Section 6.2 Registration Statement. As soon as practicable after the execution of this Agreement, Prosperity will prepare and file with the SEC a Registration Statement on Form S-4 under the Securities Act (the “Registration Statement”) and any other applicable documents, relating to the shares of Prosperity Common Stock to be delivered to the shareholders of the Company pursuant to this Agreement, and will use its best efforts to cause the Registration Statement to become effective. The Company and its counsel shall be given the opportunity to participate in the preparation of the Registration Statement and shall have the right to approve the content of the Registration Statement with respect to the Company and the meeting of the Company’s shareholders. At the time the Registration Statement becomes effective, the Registration Statement will comply in all material respects with the provisions of the Securities Act and the published rules and regulations thereunder, and will not contain any untrue statement of a material fact or omit to state a material fact required to be stated therein or necessary to make the statements therein not false or misleading, and at the time of mailing thereof to the Company’s shareholders and Prosperity’s shareholders, at the time of the Company Shareholders’ Meeting and the meeting of shareholders of Prosperity, each held to approve the Agreement and the transactions contemplated hereby, and at the Effective Time of the Merger, the prospectus included as part of the Registration Statement and any amendment thereto (the “Prospectus”) will not contain any untrue statement of a material fact or omit to state any material fact necessary to make the statements therein, in light of the circumstances under which they were made, not false or misleading; provided, however, that none of the provisions of this subparagraph shall apply to statements in or omissions from the Registration Statement or the Prospectus made in reliance upon and in conformity with information furnished by the Company for use in the Registration Statement or the Prospectus.

Section 6.3 NASDAQ Listing. Prosperity shall file all documents required to be filed to have the shares of Prosperity Common Stock to be issued pursuant to the Agreement included for quotation on NASDAQ and use its best efforts to effect said listing.

Section 6.4 Issuance of Prosperity Common Stock. The shares of Prosperity Common Stock to be issued by Prosperity to the shareholders of the Company pursuant to this Agreement will, on the issuance and delivery to such shareholders pursuant to this Agreement, be duly authorized, validly issued, fully paid and nonassessable. The shares of Prosperity Common Stock to be delivered to the shareholders of the Company pursuant to this Agreement are and will be free of any preemptive rights of the shareholders of Prosperity or any other person, firm or entity.

Section 6.5 Access to Properties and Records.

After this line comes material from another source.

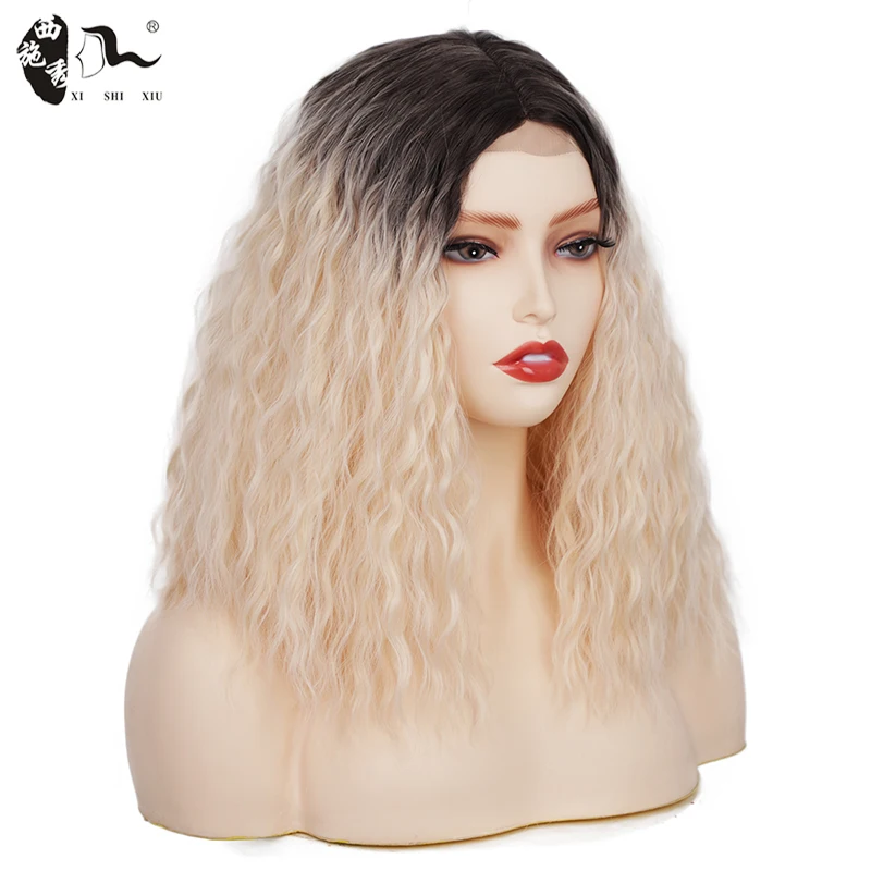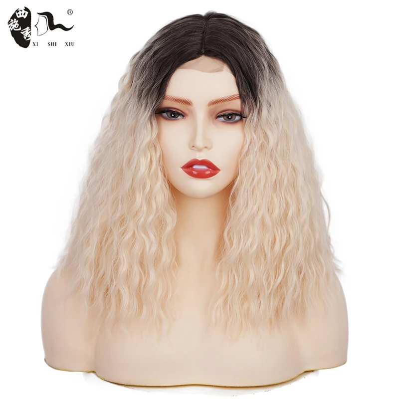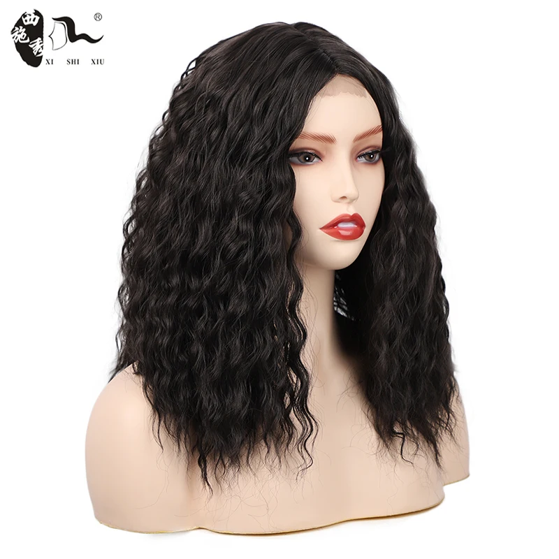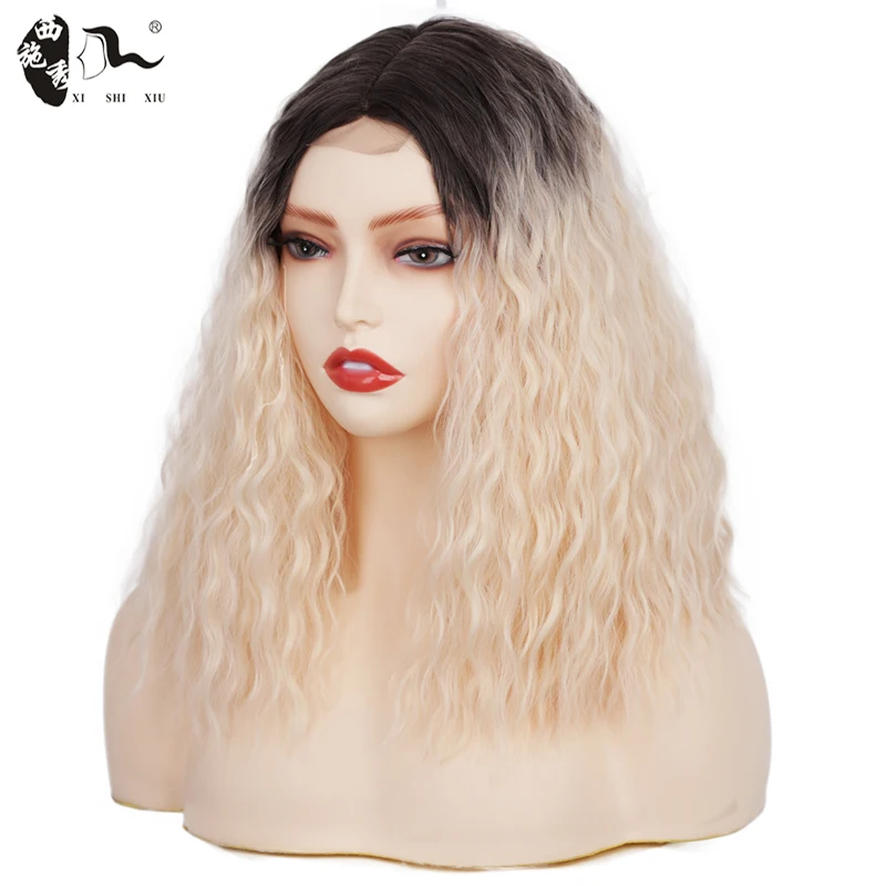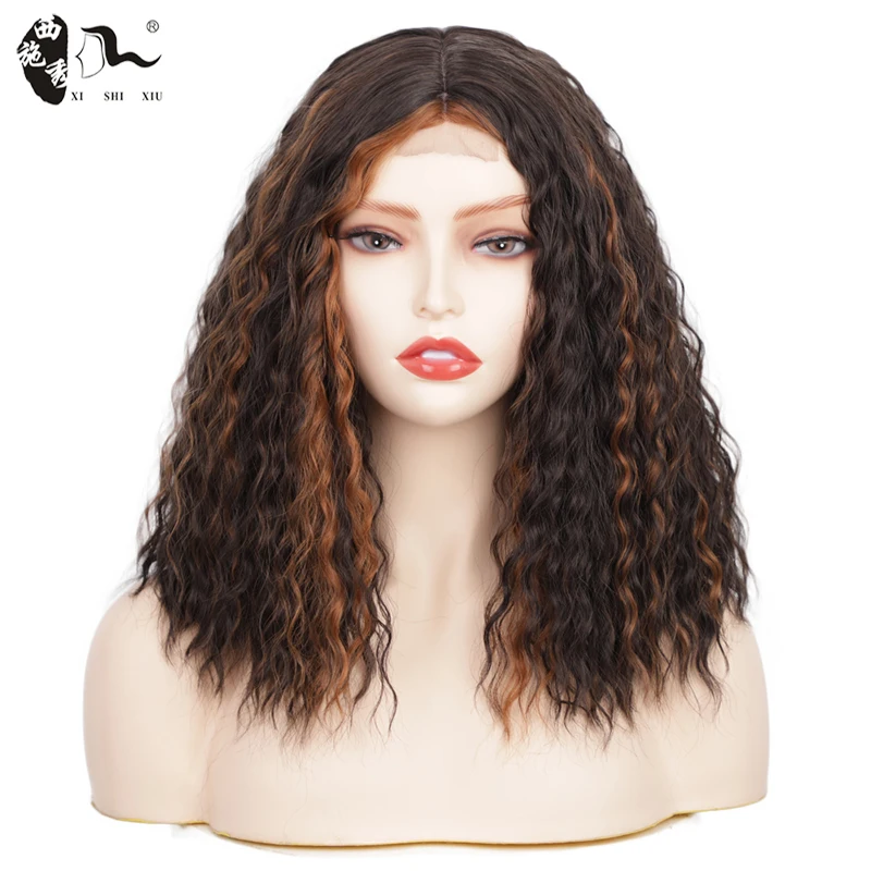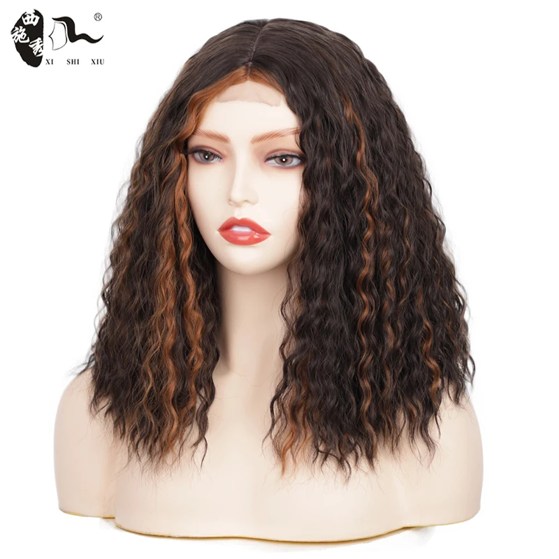 14inch Bob Synthetic Lace Front Wig Middle Part Bob Wave for Black Women Heat Resistant Fiber Hair natural Lace wig

(a) To the extent permitted by applicable law, Prosperity shall and shall cause each of its Subsidiaries, upon reasonable notice from the Company to Prosperity to: (i) afford the employees and officers and authorized representatives (including legal counsel, accountants and consultants) of the Company full access to the properties, books, records of Prosperity and its Subsidiaries during normal business hours in order that the Company may have the opportunity to make such reasonable investigation as it shall desire to make of the affairs of Prosperity and its Subsidiaries, and (ii) furnish the Company with such additional financial and operating data and other information as to the business and properties of Prosperity as the Company shall, from time to time, reasonably request.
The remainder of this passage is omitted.